How to Communicate Frustration to Your Business Partner Without an Argument
A business partnership can be just as complex as any other type of relationship. Like any relationship, no matter how strong it is, you’re bound to feel frustrated or upset with your partner from time to time. However, if you are frequently frustrated with your partner, it might be a sign that you could benefit by improving your communication.
When conflicts between business partners begin to interfere with the day-to-day tasks, it can jeopardize the organization’s long-term success. Understanding how you and your partner communicate can help avoid or minimize the damage of frequent conflicts.
A solid communication strategy includes:
- Scheduling regular check-ins
- Setting healthy boundaries
- If you cannot yet agree, disagreeing respectfully
- Minimizing criticism and its traveling companion, defensiveness
- Slow down conversations to reduce misunderstanding or reacting
- "Respond," don't "react." This means you give a pause prior to responding.
Communication practices that are non-defensive, respectful, and productive can significantly improve the partnership and the business.

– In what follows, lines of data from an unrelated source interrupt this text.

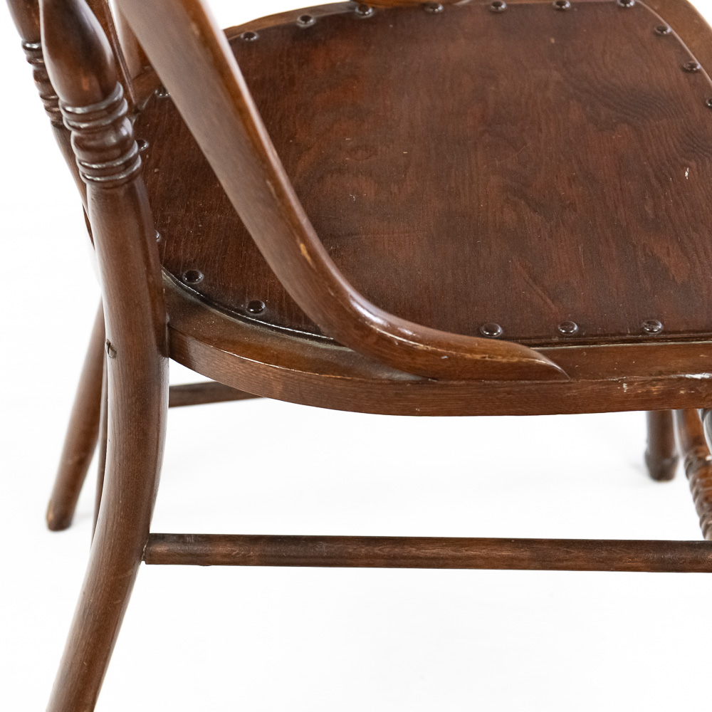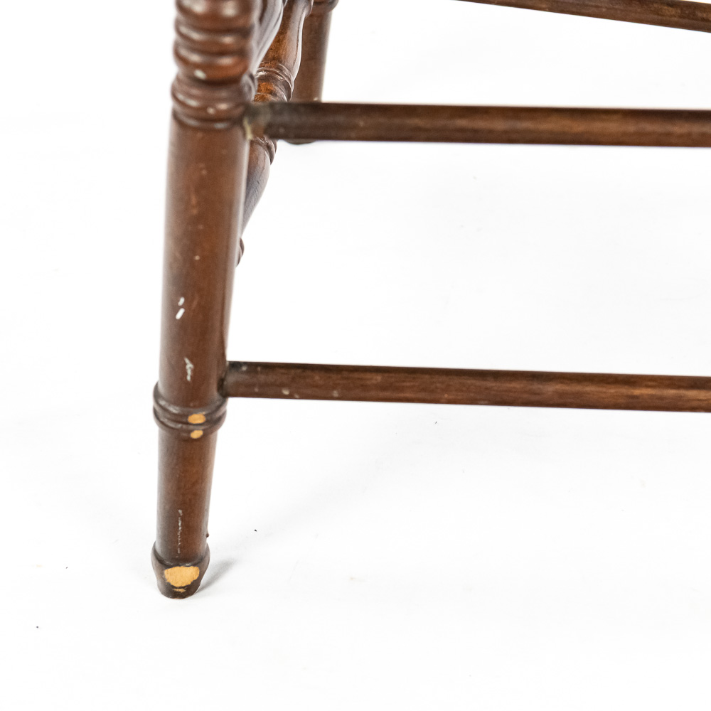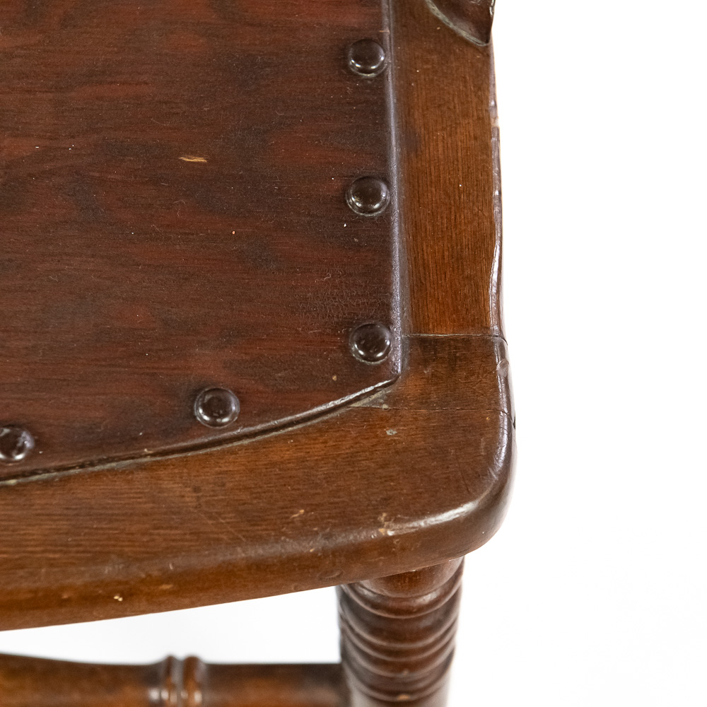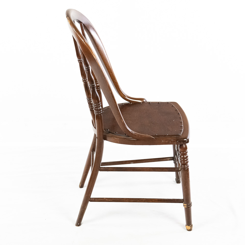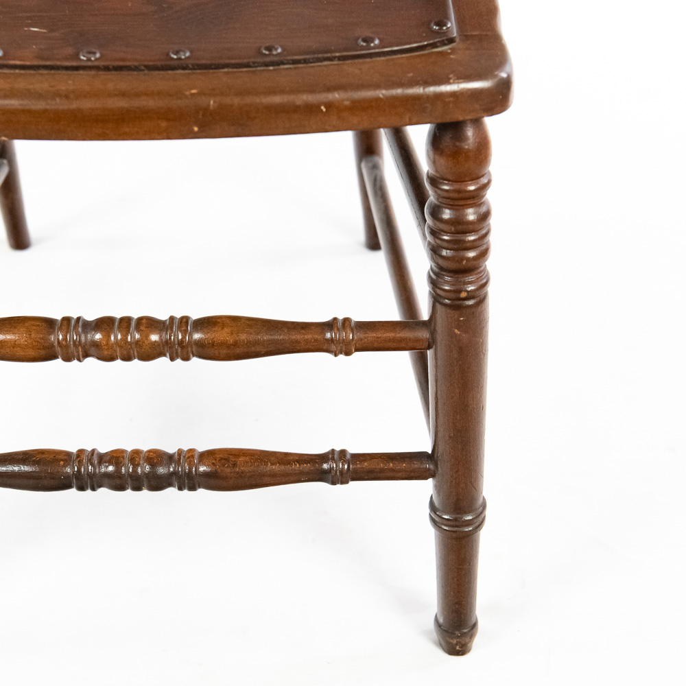 Lovely antique farmhouse Windsor hoop back spindle back dining chair featuring saddle shaped seat with nail head accents. Very good overall condition with some minor scratches noted. Approximately 36.5″t x 16.5″d x 17.5″l. Perfect addition to your household, please use photos to judge condition and bid accordingly.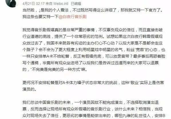 而韩雪这次在音乐剧表演现场公然假唱,事后还卖力营造敬业人设……这种世界首例史诗级丢脸行为,对刚刚走进观众视线的中国音乐剧绝对是一记重击。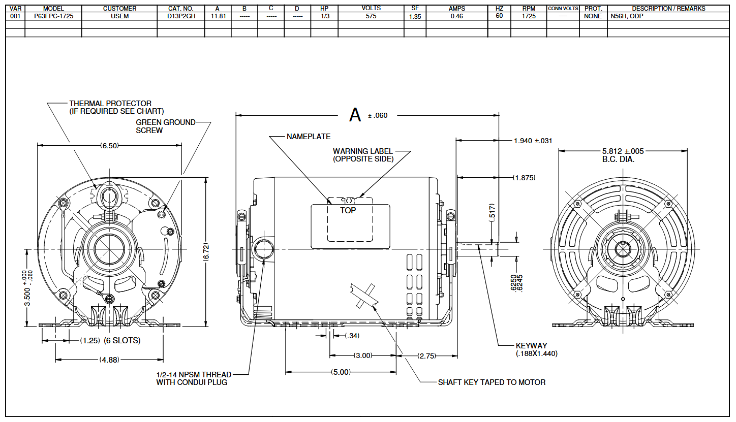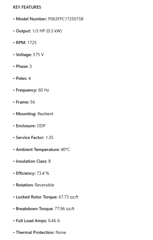 D13P2GH, 1/3Hp, 1725 RPM, 575V, 3PH, 60Hz, ODP, Fr. 56H, P063FPC1725015B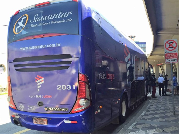 Caso perceba que não chegará em tempo hábil para o seu voo, procure outra alternativa. Nós, por exemplo, pegamos um trânsito bem tranquilo na ida, num trajeto que durou aproximadamente uma hora. Já na volta, o ônibus estava lotado quando chegamos no ponto de partida. Tivemos que aguardar a próxima saída e enfrentamos a hora do rush, que aumentou em 40 minutos o tempo do percurso. Após muita correria, chegamos ao balcão no último minuto.
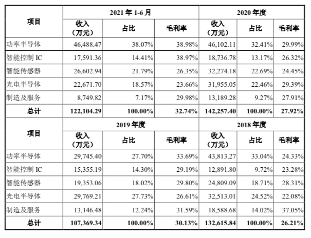 在招股書中,以IGBT為主的功率半導(dǎo)體是公司最顯眼的業(yè)務(wù),2021年上半年這塊業(yè)務(wù)取得的收入為4.6億元,占主營業(yè)務(wù)收入的比重為38%。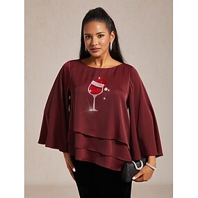 Crăciun Pentru femei Cămașă din satin Bluză Stras Pahar de vin Elegant Lungime Manșon 3/4 Sonerie Stil Nautic Topuri obișnuite Îmbrăcăminte de seară de petrecere Ieșire Roșu Vin Vară Primăvară Toamn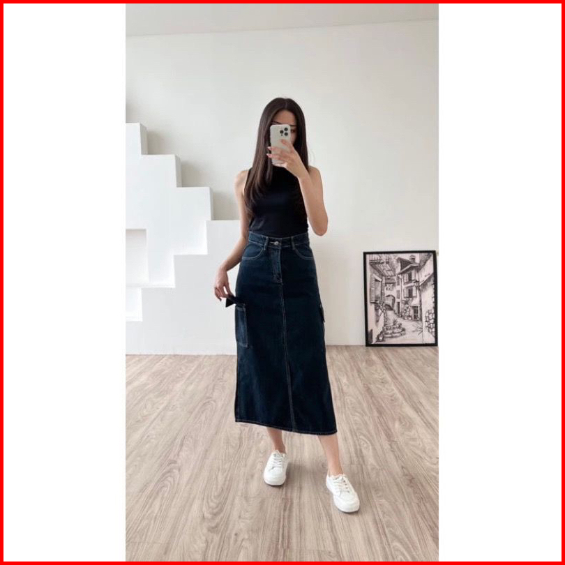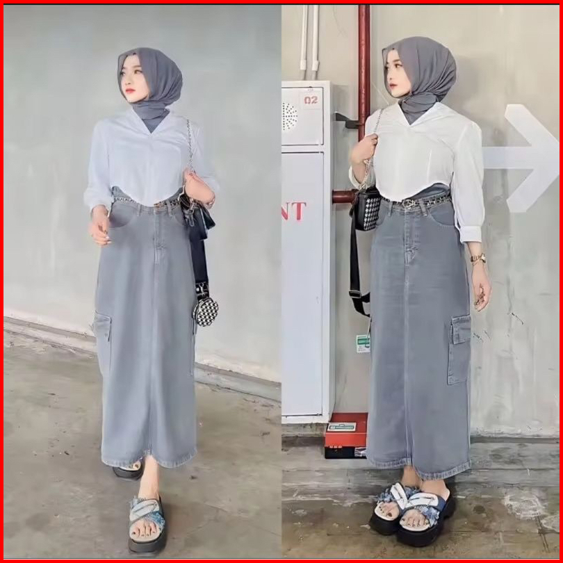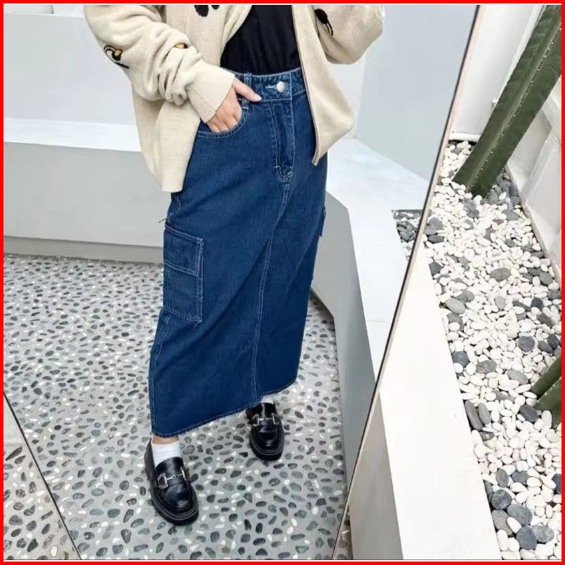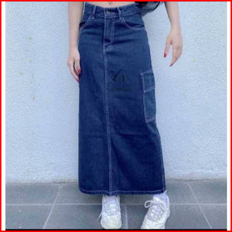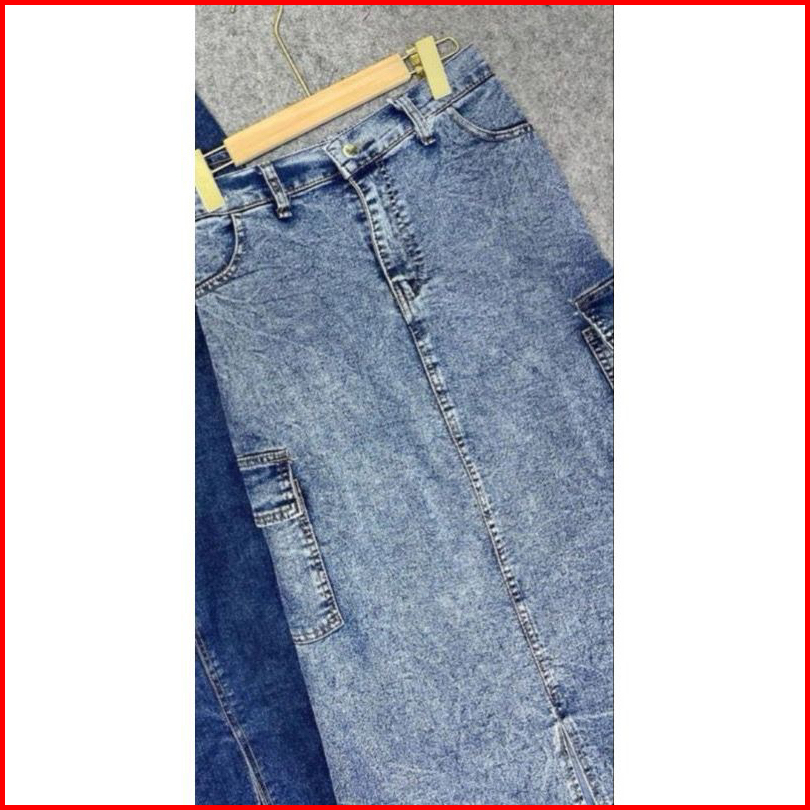 Rok Jeans Cargo Wanita Melar Premium Streth S-m-l-xl-xxl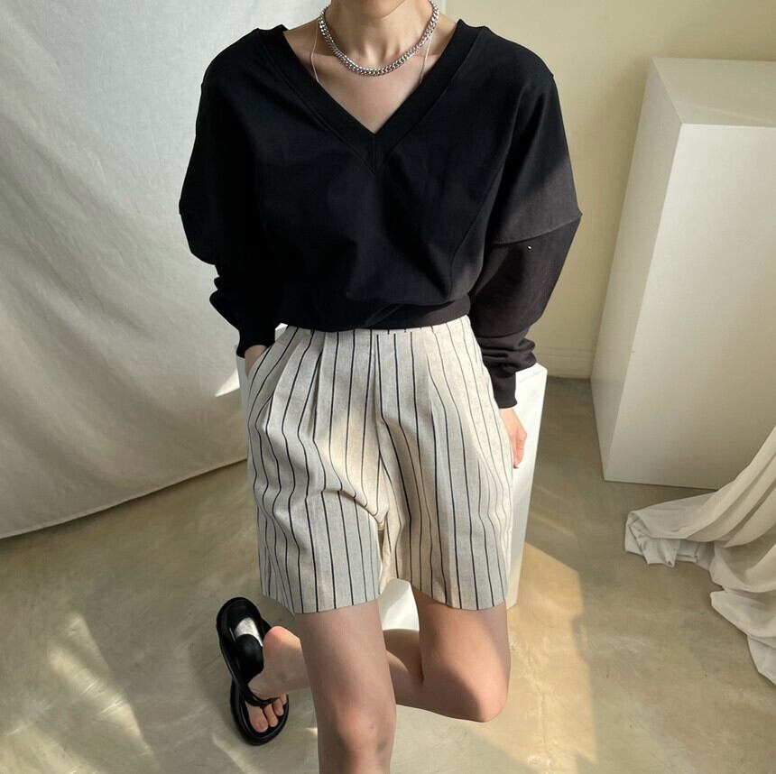 オータムカジュアルVネックスリーブルーズプルオーバー セーター トップス レディース 秋物 韓国婦人33415639179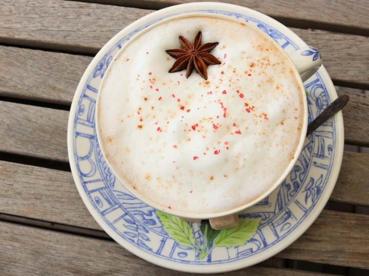 もしも魔法の国に行ったら、こんなティーカップが出てきそう……。 そんな事をふと連想してしまいそうなほど大ぶりのティーカップに注がれたチャイ。水を使わずに北海道の濃厚牛乳でじっくり煮出すため、葉の開きやすい細かい茶葉を使います。シナモン、ジンジャー、クローブ、カルダモン、グローブといった香辛料がブレンドされて味わい深く、たっぷりのミルクフォームに浮かぶ八角とピンクペッパーからもいい香りが漂います。暑い時期は冷たいアイスもいいですよ。
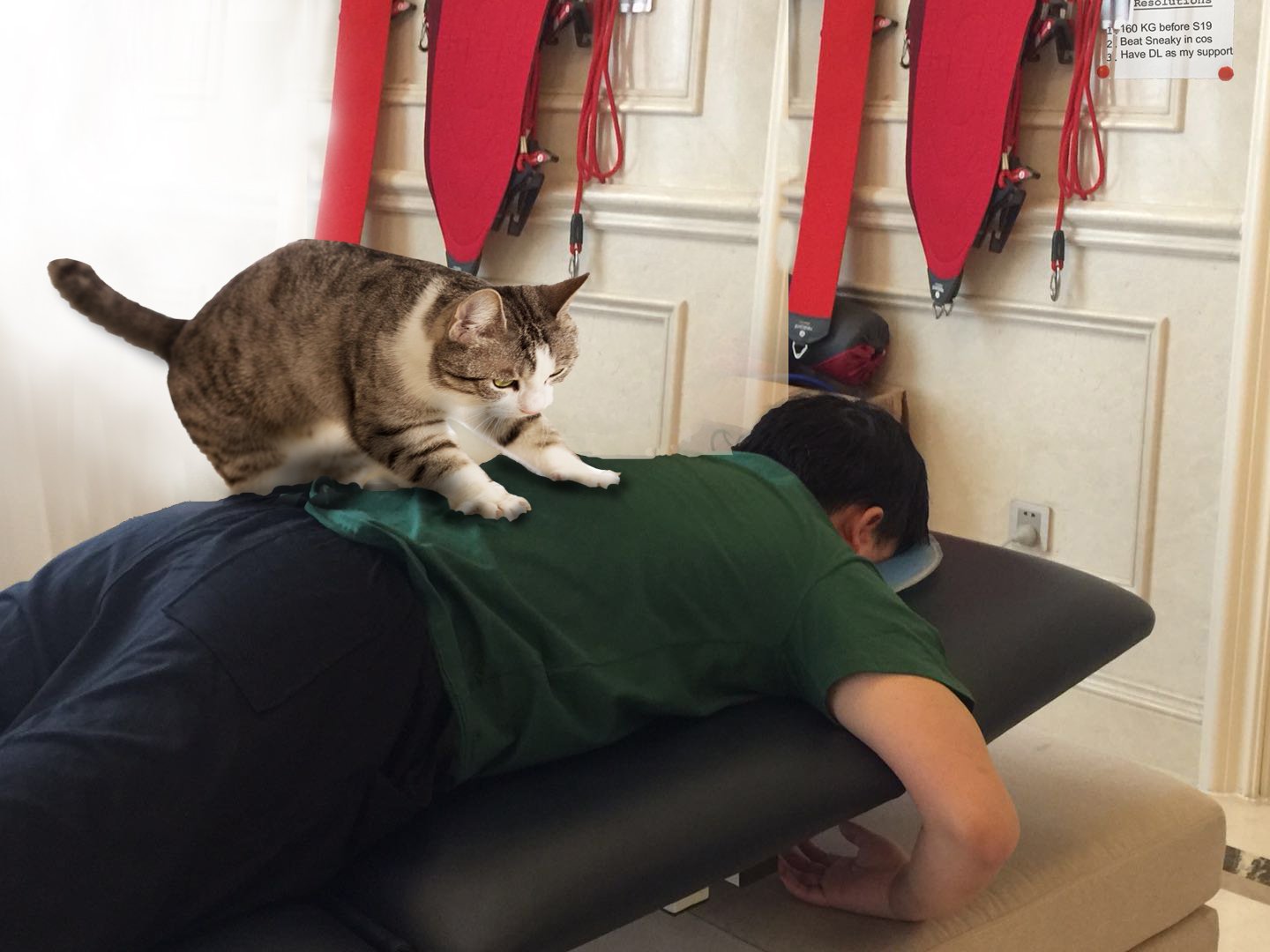相信在之前的新闻里,大家也都知道了RNG战队ADC选手Uzi开通了推特来跟国外的粉丝互动。就在近日UZI更新了了一张照片,图片上是在做康复运动的Uzi,同时还有一只猫趴在他的背上。

As a Licensed Professional Counselor practicing online couples counseling in Minnesota and business partners’ consulting throughout the United States and Canada, I’ll share a few proven partnership communication tips in this article. These tips can help you communicate your frustration more effectively and with less risk of misunderstandings. Keep in mind that everyone is different. You will need to experiment with these tips to discover what works best for you and your business partner.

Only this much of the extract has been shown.